As the family’s dryland farming operation grew, White continued to nurture her family from the kitchen. As with any farm, the Whites’ lives revolved around the food they grew and the food they made.

Beans found their way from the field to the table, along with all types of garden vegetables and fruit from the family orchard and garden. White turned out numerous baked goods to sustain her family, and if it could be canned, it found its way to White’s kitchen.

In the late 1970s White and her sister, Velma Hollen, realized they had a surplus of produce each year and asked the Montezuma County Commissioners if they would be allowed to sell their goods in the county courthouse parking lot. Thus began the Cortez Farmers Market.

“We tried to pass the word around to other farmers in the area,” White said. “It didn’t take too long before people were bringing all sorts of goods to the market.”

White is still a familiar face at the market each Saturday, setting up at a table near Main Street, just like she did 40 years ago. Her face lights up as she begins to describe the items she brings with her to the market each week. It takes little deduction to realize how much White loves being part of the agricultural fabric of the community.

“I’ve had a good life,” she said. “I’ve lived every day of it. I’ve been immersed in the farm and agriculture and I’ve been richly blessed.”

Along with vegetables and beans, White also sells bran, popcorn and jams and jellies at the local farmers market. White has even started her own eponymous business, Bessie’s, to capitalized on her expertise in jam making.

White has received a label from the state of Colorado, and makes a rainbow of different jams, jellies and butters in a commercial kitchen at her sister’s home. The business has been quite profitable and the production of roughly 100 dozen jars a year has allowed White to finance her grandchildren’s college education, an immensely gratifying aspect of the work.

In fact, everything White has done in her life as a farm wife has been for the benefit of her family. From driving grain trucks and tractors, to working for nearly 25 years in the office at Pleasant View Elementary School, White’s passion has been her family. The kitchen and the food have been the method by which she has nurtured those she loves.

Today, White still cooks meals for her family, providing nourishment for her son and grandson as they continue to work the family farm.

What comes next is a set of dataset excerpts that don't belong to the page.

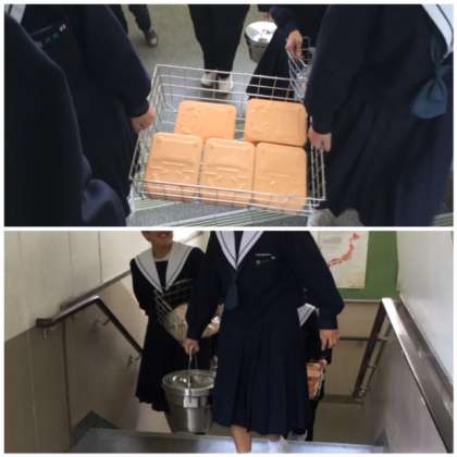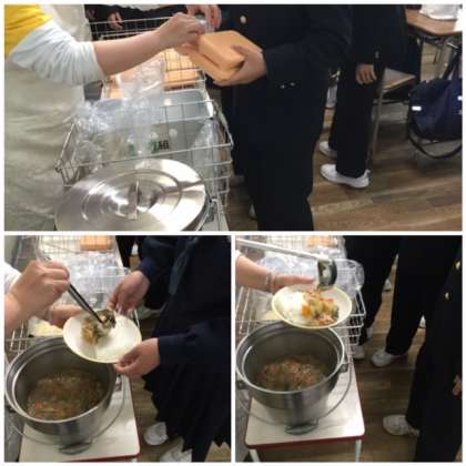 今年度の2学期から親子給食に移行しますので、2年生では、その時に備えて、配膳室から生徒たちが当番で教室まで運んでくる、教室まで運んだ給食をそれぞれが取りに来る、食缶のおかずを取り分けてもらうなどを始めています。
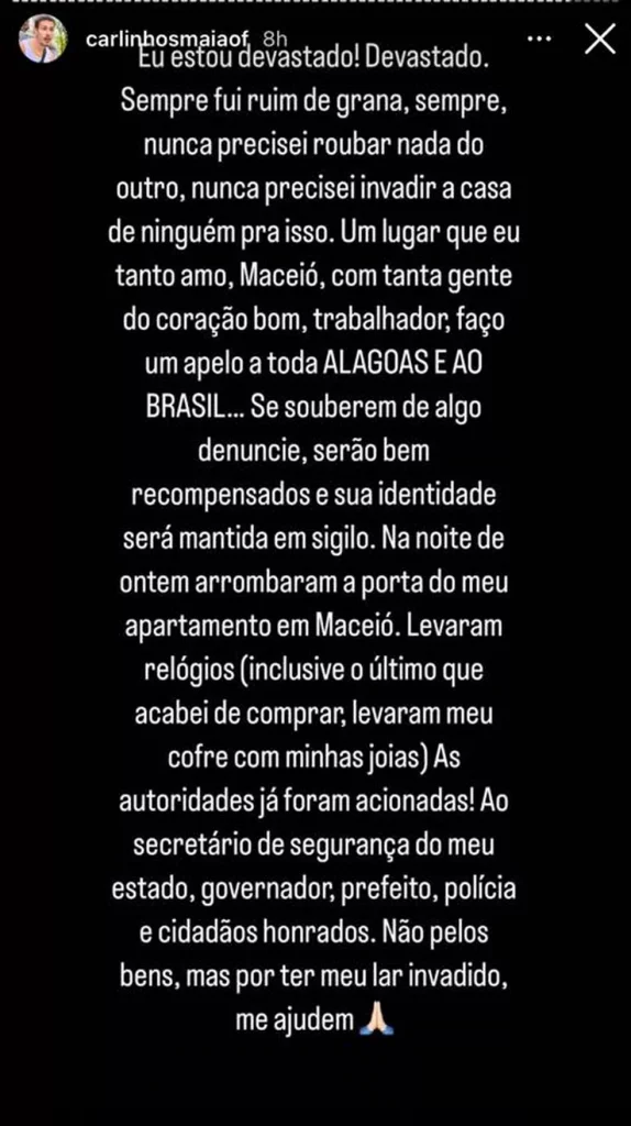 “Estou devastado. Devastado. Sempre fui ruim de grana, sempre, nunca precisei roubar nada do outro, nunca precisei invadir a casa de ninguém para isso. Um lugar que tanto amo, Maceió, com tanta gente de coração bom, trabalhador, faço um apelo a toda Alagoas e ao Brasil… Se souberem de algo, denuncie, serão bem recompensados e sua identidade será mantida em sigilo”, disse.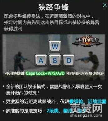 首先,“狭路争锋”模式是《4399生死狙击》全新的团队娱乐模式,进入战场后同样是分为雷霆战警和风暴联盟2个阵营,双方阵营将在此再次展开激烈的对战!
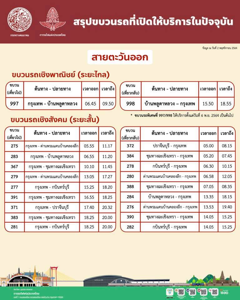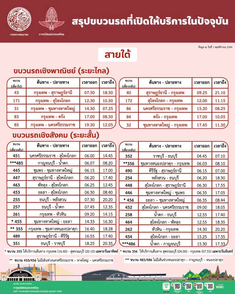 วันนี้ (2/11/64) นายนิรุฒ มณีพันธ์ ผู้ว่าการรถไฟแห่งประเทศไทย เปิดเผยว่า ตามที่ศูนย์บริหารสถานการณ์แพร่ระบาดของโรคติดเชื้อไวรัสโคโรนา 2019 (ศบค.)ได้มีมาตรการผ่อนคลายการเดินทาง และยกเลิกมาตรการห้ามออกนอกเคหสถาน (เคอร์ฟิว) ทุกจังหวัด ยกเว้นพื้นที่ควบคุมสูงสุดและเข้มงวด (สีแดงเข้ม) 7 จังหวัด การรถไฟฯ จึงได้ปรับการเดินขบวนรถให้สอดคล้องกับสภาพการเดินทางและรองรับนโยบายการเปิดประเทศของรัฐบาล โดยเพิ่มการให้บริการขบวนรถเชิงพาณิชย์ และขบวนรถเชิงสังคมจำนวน 46 ขบวน ได้แก่ เส้นทางสายเหนือ 10 ขบวน สายตะวันออกเฉียงเหนือ 16 ขบวน สายใต้ 6 ขบวน สายตะวันออก 4 ขบวน และสายวงเวียนใหญ่-มหาชัย 10 ขบวน รวมทั้งปรับเปลี่ยนสถานีต้นทางปลายทางในบางขบวนใหม่ เพื่ออำนวยความสะดวกการเดินทางแก่ประชาชน นักเรียน นักศึกษาและนักท่องเที่ยว เริ่มตั้งแต่วันที่ 1 พฤศจิกายน 2564 เป็นต้นไป โดยมีขบวนรถที่ให้บริการในเส้นทางต่าง ๆ ดังนี้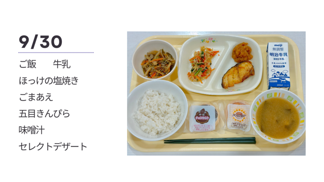 今日の主菜は、ほっけの塩焼きです。香ばしく焼いたほっけに大根おろしを添えました。副菜の五目きんぴらには、ごぼうやれんこん、にんじんなどの野菜に加えて、ちりめんじゃこも入っているのでカルシウムもしっかり摂れます。デザートはセレクトで、焼プリンタルトとチョコタルトの2種類から選んでもらいました。どちらも同じくらい人気で、嬉しそうに選んでいる生徒の姿が見られました。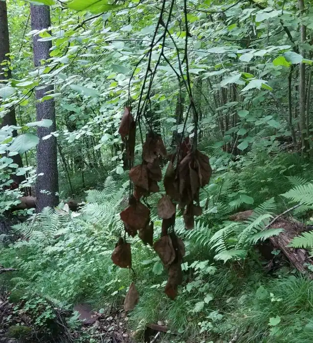 Идешь такой, гуляешь спокойно по лесу, как вдруг на глаза попадается вот такая картина. Автор снимков рассказал, что он аж остановился, а его сердце начало бешено биться в груди, когда он заметил "нечто" висящее на дереве. Несмотря на страх, парень решился подойти поближе, чтобы узнать, что там произошло.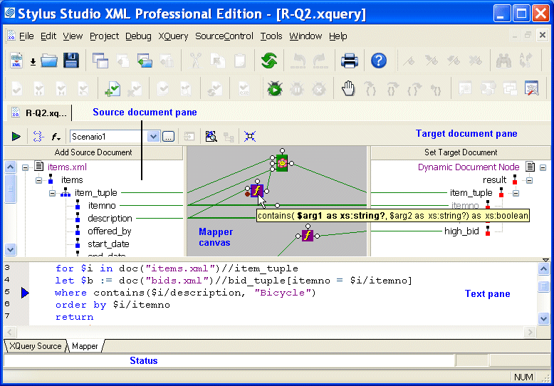 Mapper, is displayed any time the active document within Stylus Studio is an XQuery document. You can use either or both tabs to compose an XQuery.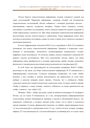 Откуда берется социологическая информация, которая становится основой для таких исследований? Первичная информация, служащая основой для большинства социологических исследований, обычно собирается с помощью различных методов – анкетирования, опросов, экспертных интервью. Однако поиск экспертов, готовых участвовать в подобных исследованиях, может оказаться непростой задачей, влекущей за собой определенные сложности [3]. При сборе вторичной социологической информации результативны методы контент-анализа и наблюдения. Такая информация может быть получена из различных источников, однако их поиск и анализ могут оказаться сложным и трудоемким процессом.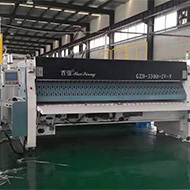 隧道式洗衣機配套設(shè)備之一,布草經(jīng)隧道式洗衣機預(yù)洗、主洗、漂洗出倉后自動進入壓榨機進行壓榨脫水。與傳統(tǒng)的壓榨設(shè)備相比,百強壓榨機采用 了先進的經(jīng)過特殊設(shè)計的棱式壓榨頭 ,可以在壓榨過程中有效逐步去除布草中殘存 的空氣,防止在壓榨過程中因壓力過大出現(xiàn)布草爆損,大限度地保護布草的完好。 壓榨好的布草經(jīng)穿梭運輸機進入烘干機進行打散烘干。

“I probably can count on one hand the days I haven’t put a meal on the table,” White said. “It is who I am.”

As her kitchen table is filled each day with those she loves and the food she makes, White is fulfilled in her role as mother, head cook and nurturer. It is the only life she has ever wanted.

“It is a really good feeling to see a table covered with the finished product,” White said. “But I do it all for a reason. I don’t do this for myself, I do it to help my family.”